*Activity:* Exactly the lines from the one containing "При проектировании конструкций" through the one containing "Studio portrait of" in the listing below are to be copied, with the pictures left out.

== == ==

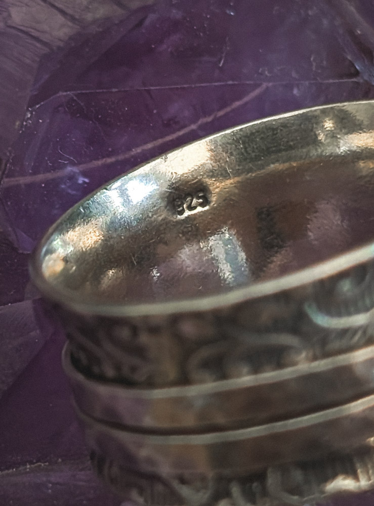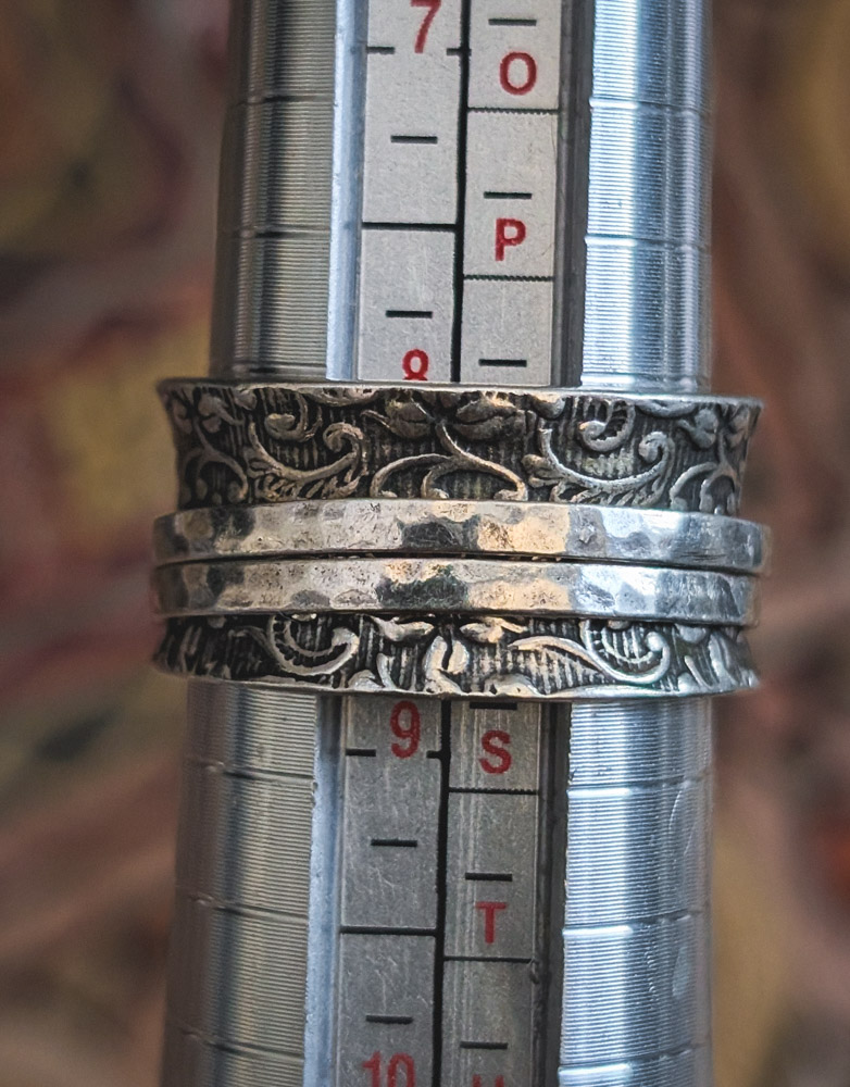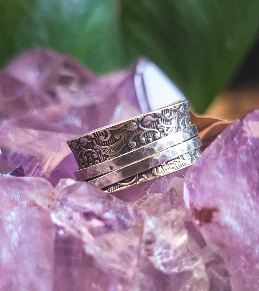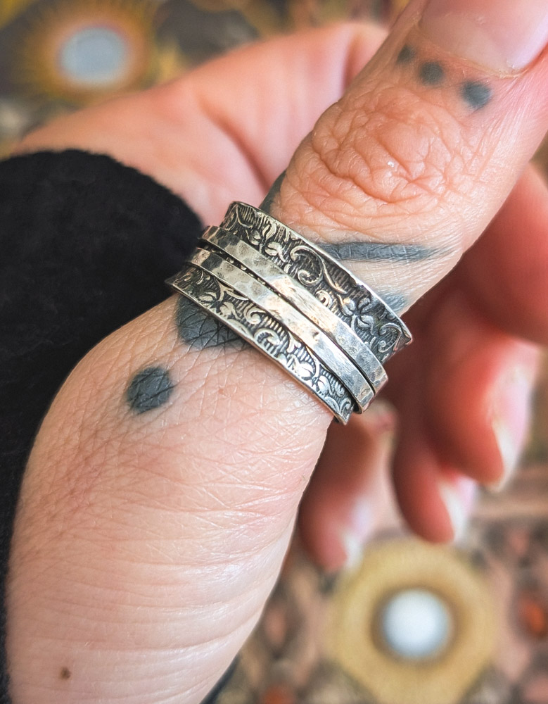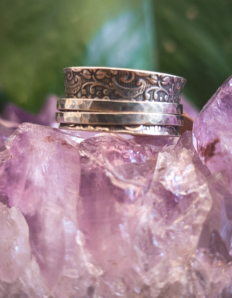 Funky spinner ring with a concave design, floral oxidised background with two thin hammered spinning bands.
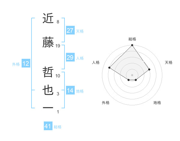 近藤 哲也一さんの総格は41画の5点
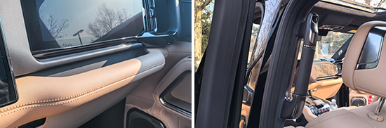 评测车在前排中控台两端、副驾驶前方以及B柱位置均配有扶手,搭配电动脚踏板,乘员上下车时并不会显得过于“狼狈”。此外,如果遇到颠簸路段或是进行越野时,车内扶手也有助于乘员更好的固定住身体。
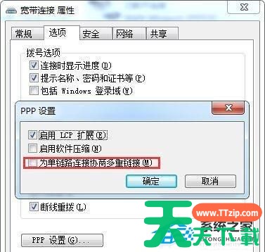5、此时即会弹出一个PPP设置窗口,将“为单链路连接协商多重链接”的勾选去掉,再点击确定按钮保存即可。
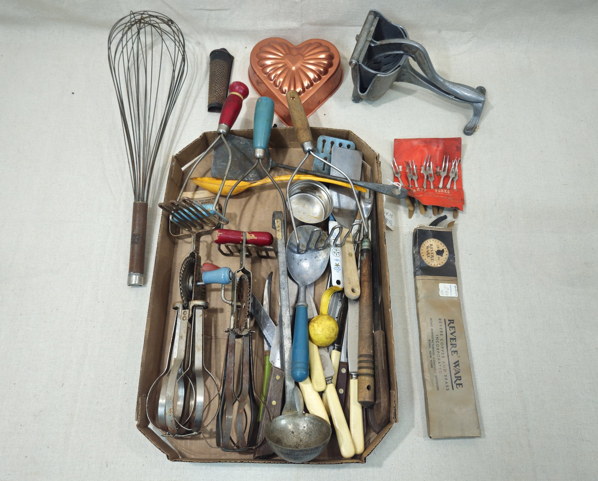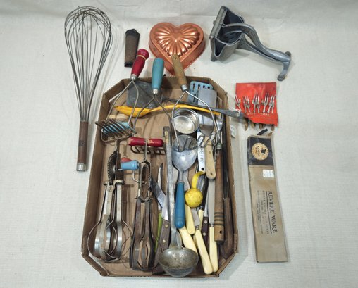Notes: Assorted Vintage Kitchen Utensils & Gadgets are pre-owned showing signs of wear commensurate with age & use. Please contact for further condition report or photos.
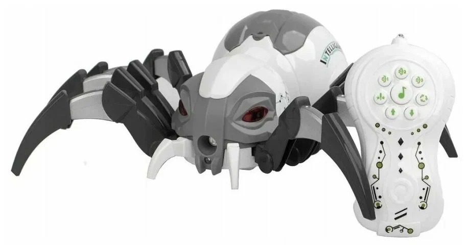 Игрушечный робот-паук на радиоуправлении. Функции: движение вперёд и назад, произвольное движение в разные стороны, выпускание пара с подсветкой, воспроизведение звуков и музыки. Команды задаются нажатием кнопок пульта. Во время игры глаза паука светятся мерцающим светом.
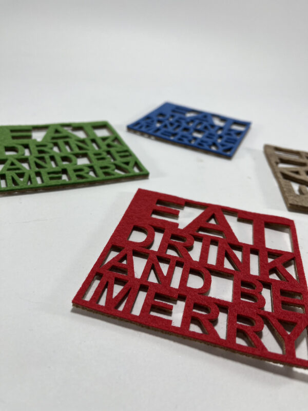 معرفی محصول زیرلیوانی نمدی Eat Drink and Be Merry
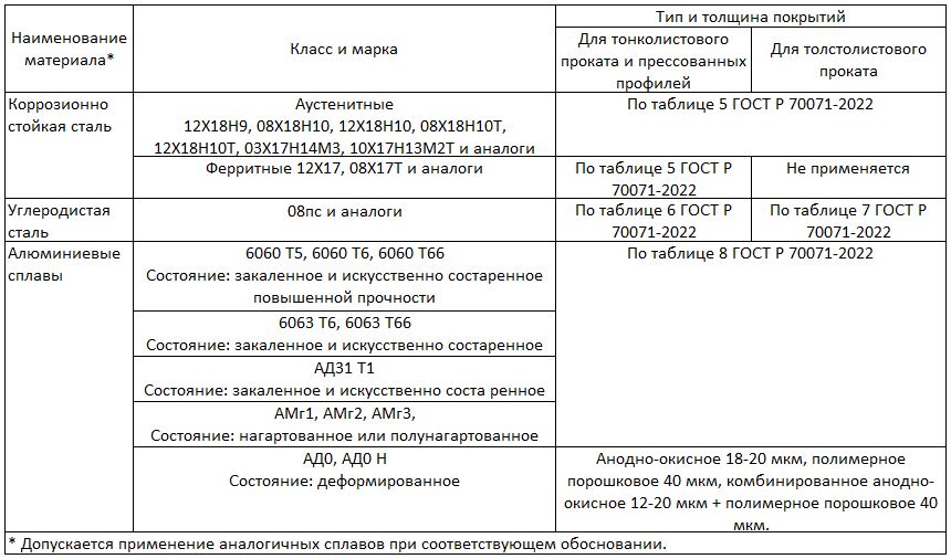При проектировании конструкций НФС из разнородных материалов необходимо предусмотреть меры по предотвращению контактной коррозии согласно ГОСТ Р 70071 2022 (пункт 5.5).
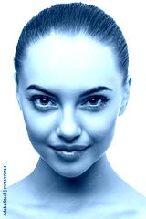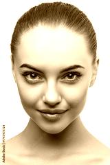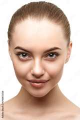Studio portrait of a young woman with clear skin and natural makeup on a white background. Minimal beauty concept emphasizing healthy skin, elegance, and natural femininity.
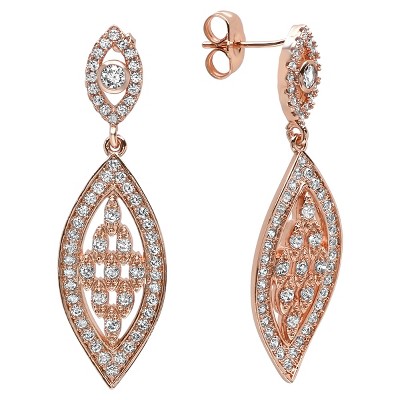 Steeltime Ladies 18k rose gold plated brass simulated diamond evil eye oval drop earrings
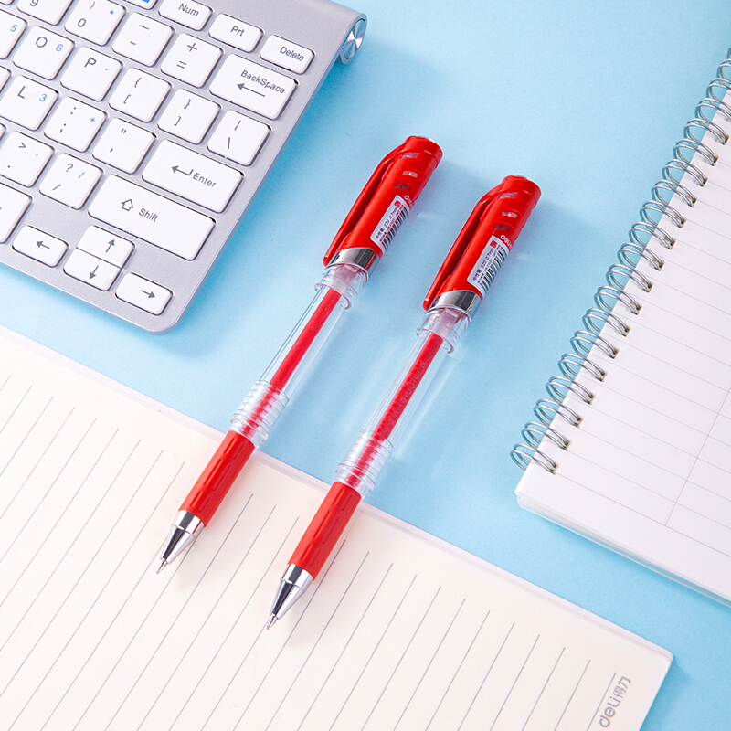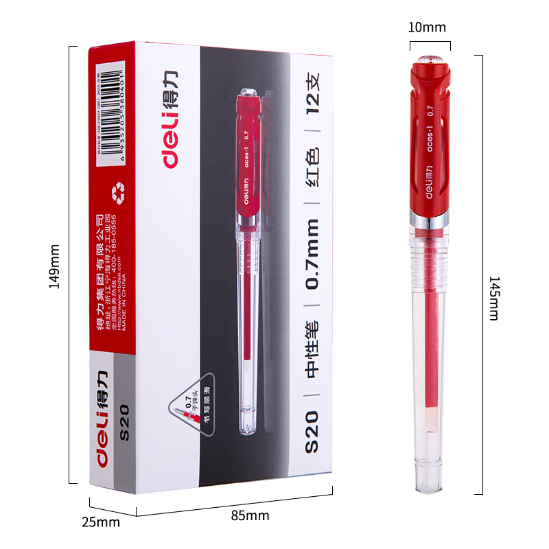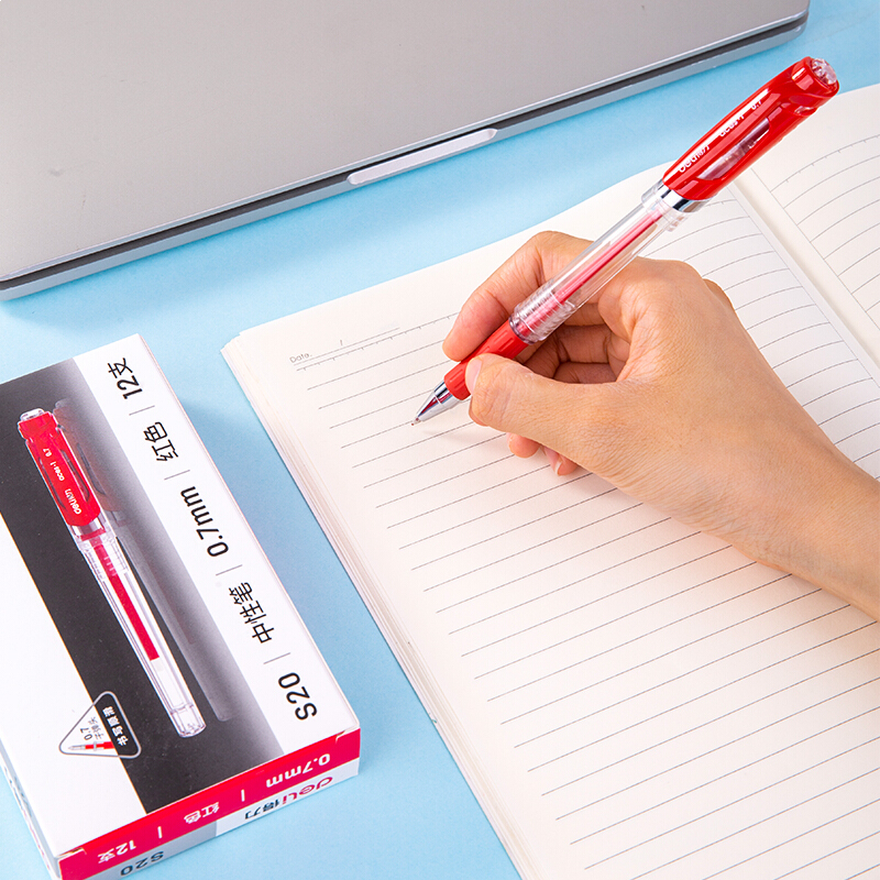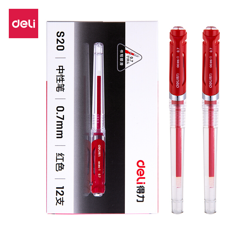 • 得力DL-S20红 0.7mm办公中性笔水笔签字笔 办公用品 12支/盒

== == ==

*Solution:*
При проектировании конструкций НФС из разнородных материалов необходимо предусмотреть меры по предотвращению контактной коррозии согласно ГОСТ Р 70071 2022 (пункт 5.5).
Studio portrait of a young woman with clear skin and natural makeup on a white background. Minimal beauty concept emphasizing healthy skin, elegance, and natural femininity.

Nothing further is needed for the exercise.